2. Description of the Related Art
There are an increasing number of typically entertainment oriented media items, such as music, books, videos, and other content sources, available for purchase by users. A currently existing system, available to at least some users, is capable
of presenting the details of over 300,000 individual music compact discs alone for purchase by a user. The collection of source content is growing with the continual addition of new content titles as well as the development and adoption of new content
technologies, such as MP3, digital music software. Thus, a potential purchaser faces a significant investment of time and expense to comfortably select an appropriate item for purchase.
Existing source content selection systems are quite ineffective in supporting content searches much beyond using artist, collection, and title. Users therefore typically confine their searches to just those media items that are independently
known to them or are aware of through other sources of media information. These other sources are typically sufficient to provide indications of whether and which segments of the general population might appreciate particular content items. No
indication is given and none can be reliably inferred as to whether a particular user will enjoy or appreciate a given item.
There is, at least for entertainment media content, some acceptance of the belief that a user's appreciation of particular content items can suggest the user's likely appreciation of other content titles. Systems built to exploit this belief
have met with limited results. One known system, apparently a neural-net based expert system, determines and provides recommendation of other content titles based purely on the similarities between users without considering the relationships between the
music items from a content or contextual point of view. These systems have the disadvantage that they require an initial "teaching" period where the recommendations given to users are likely to be inaccurate. Another disadvantage is that the user does
not understand the reasoning behind the recommendations and therefore does not trust the recommendations. The absence of confidence in whatever recommendations are given directly reduces the utility of the system. Additionally, such systems tend to
generate recommendations that reflect the lowest common denominator between broad users tastes. As a result, these systems typically provide recommendations reflecting potential appreciation within a single generic style, such as only 1980's pop music.

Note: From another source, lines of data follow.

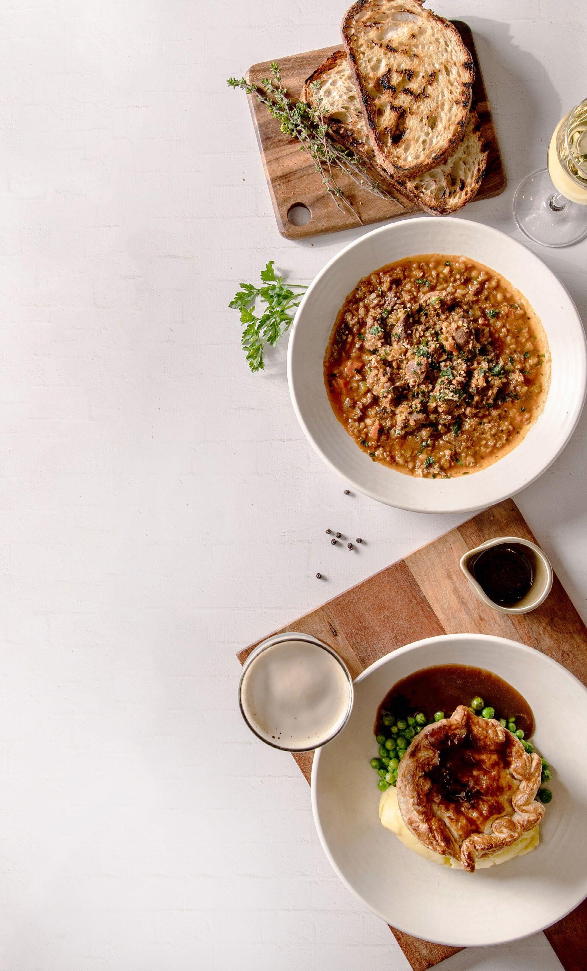 Slow Cooked Braised Lamb & Barley Soup Served with Grilled Sourdough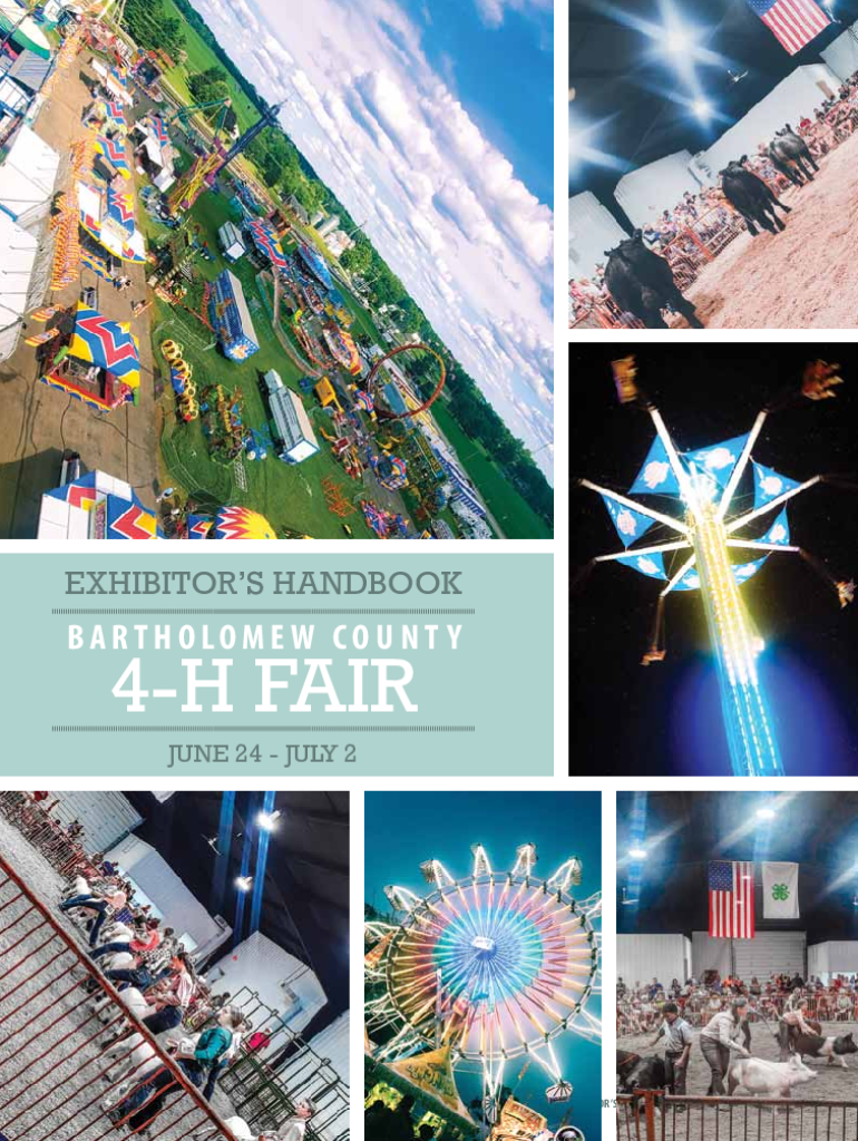 EXHIBITORS HANDBOOKBARTHOLOMEW CO U N T Y4H Fair June 24 July 2EXHIBITORS HANDBOOK | 2022 BARTHOLOMEW COUNTY 4H FAIR 1A FAIR WELCOME TO THE 2022 BARTHOLOMEW COUNTY 4H FAIR! The fairgrounds were originally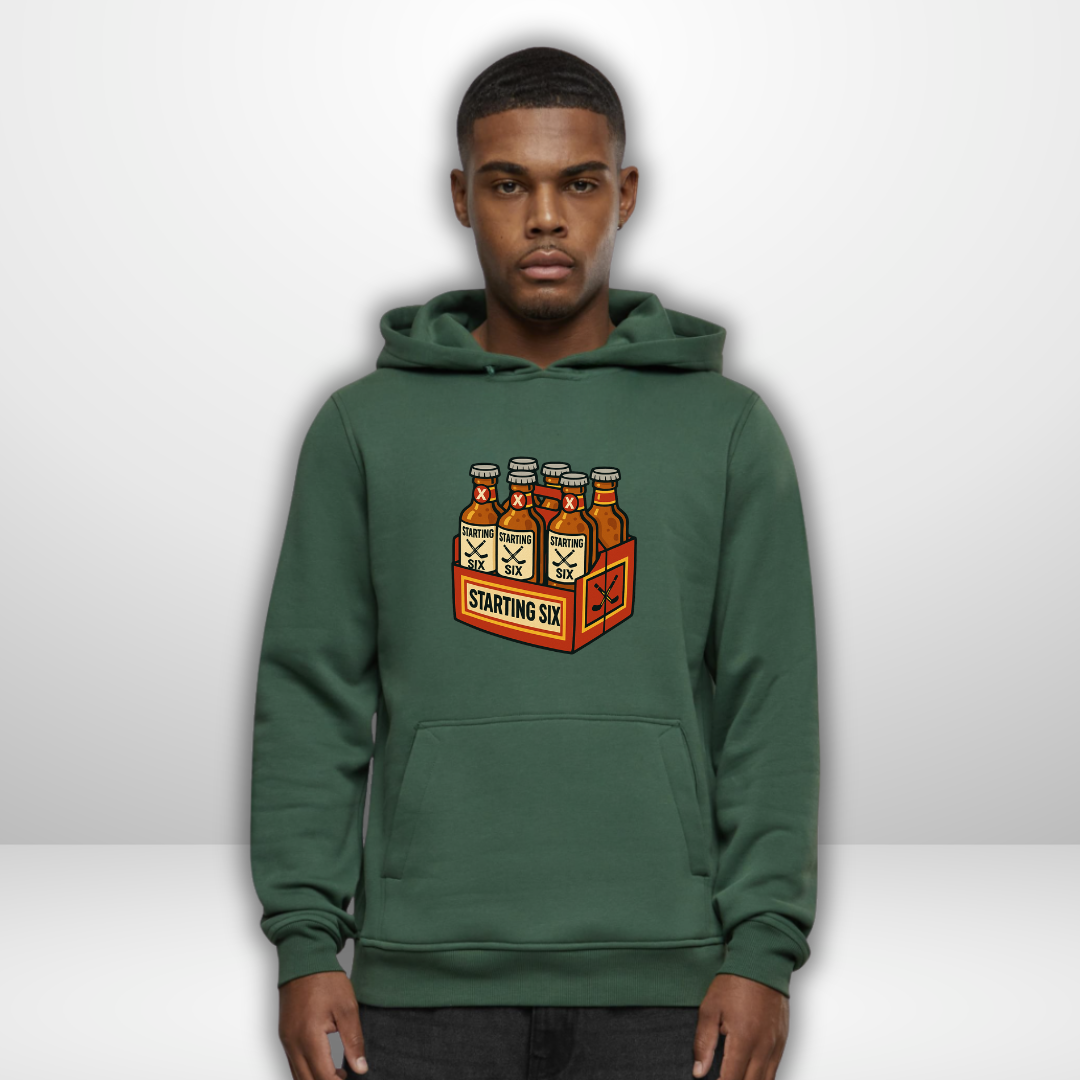 Ob Kabine, Fanblock oder Feierabendbier – mit deinem „Starting Six“-Hoodie zeigst du, dass dein Team schon steht.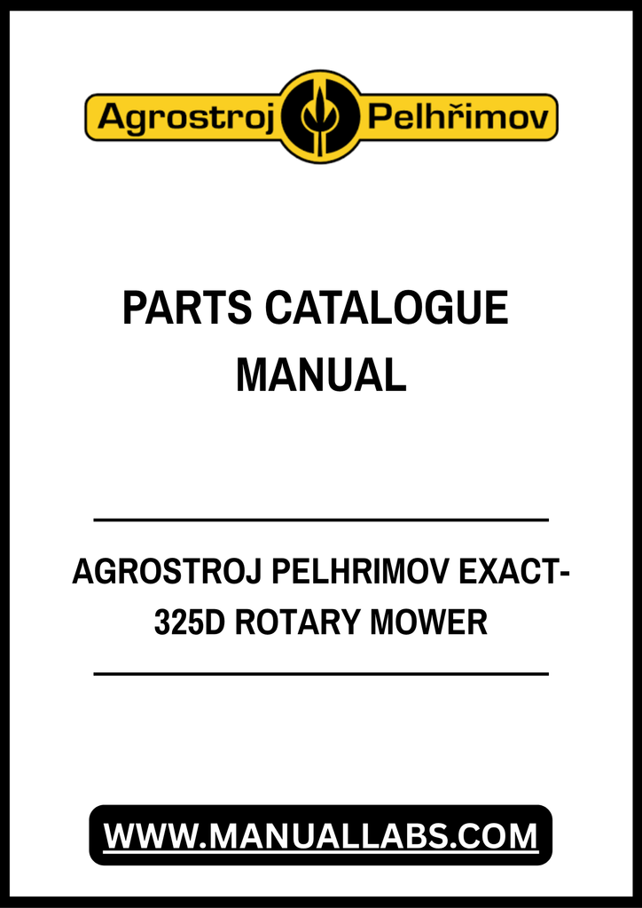 1. Discover the AGROSTROJ PELHRIMOV EXACT-325D Rotary Mower Parts Catalogue Manual, a comprehensive PDF resource designed for efficient maintenance and repair of your rotary mower. This manual provides detailed diagrams and part numbers, ensuring you can easily identify and order the necessary components to keep your equipment running smoothly.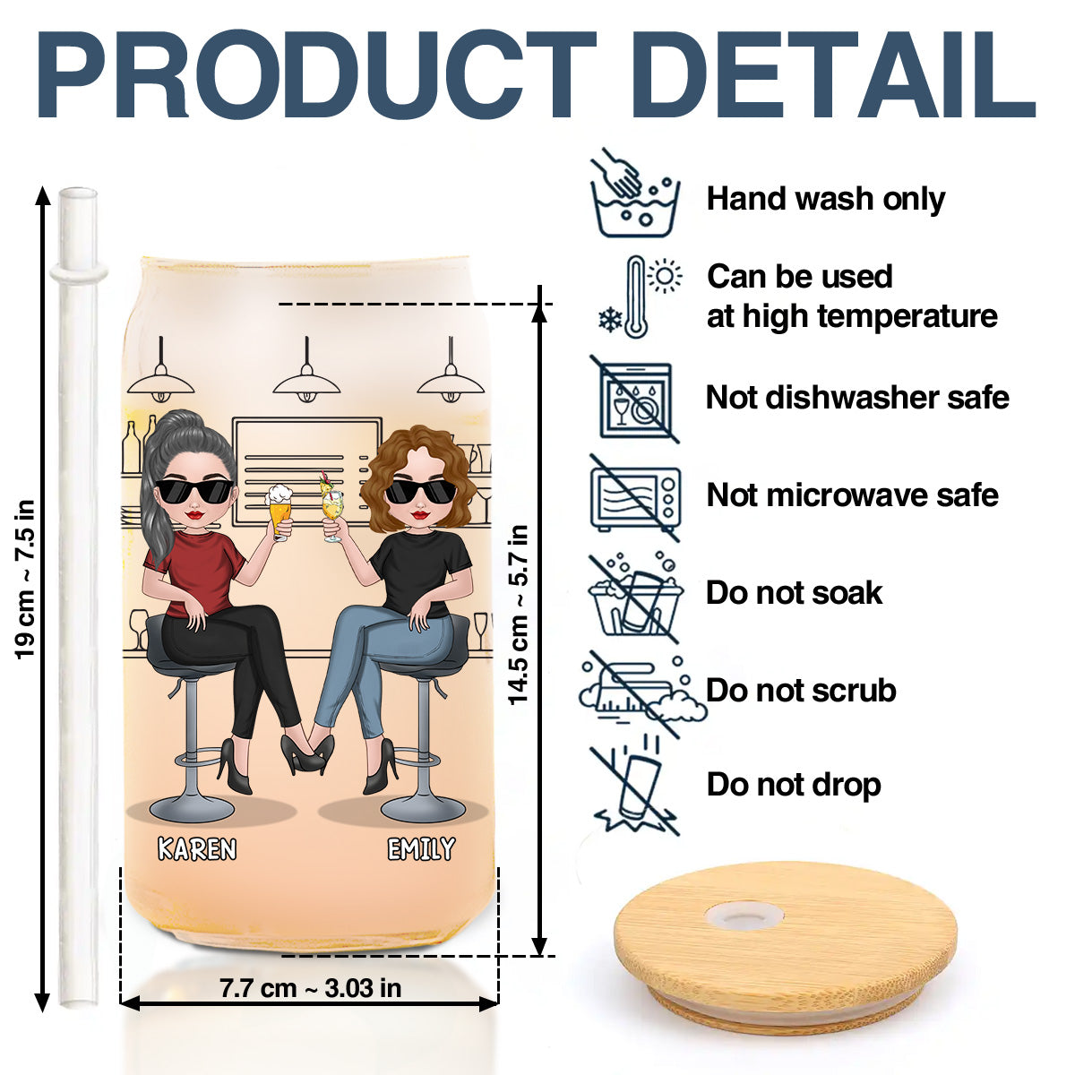 - Package: 01 ombre frosted glass can with a wooden lid and plastic straw.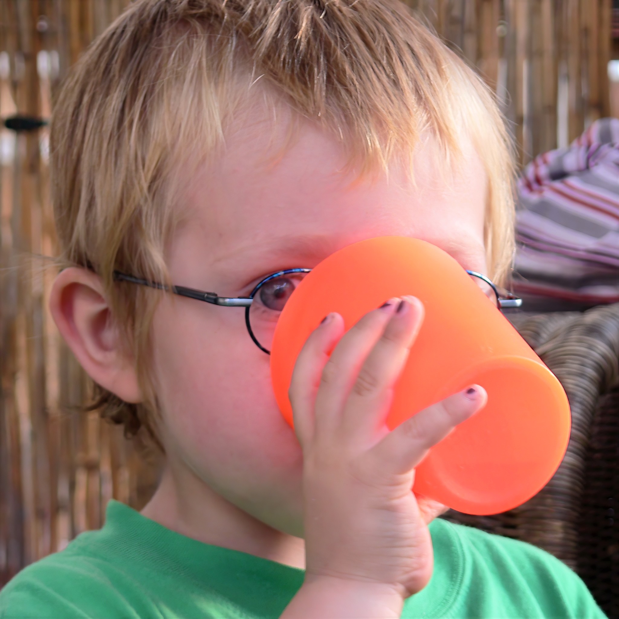 Das quadratische Farbfoto zeigt ein kleines Kind mit blonden Haaren und Brille mit blauer, abblätternder, Farbe, das einen grellorangen Becher zum Mund führt und daraus trinkt. Im Hintergrund ist ein Bambuszaun sowie ein Stuhl und ein Stück Stoff erkennbar.

These systems do not appear to be effectively capable of providing recommendations across a diverse range of music, such as Death Metal and Classical.
Another known system recommends particular content items based on the given content or style of the item. Such systems are generally established by hand, requiring a broad, yet detailed, understanding of each media item. Establishing even basic
knowledge-based systems requires a substantial investment in time and other costs. Therefore, these systems typically employ simplistic relationships between items, such as broad categories, such as Drama and Comedy, for relating content. Since these
categories contain large numbers of content items, any user selection against the categories is likely to return an also large set of recommendations and, therefore, is unlikely to be significantly useful to a user.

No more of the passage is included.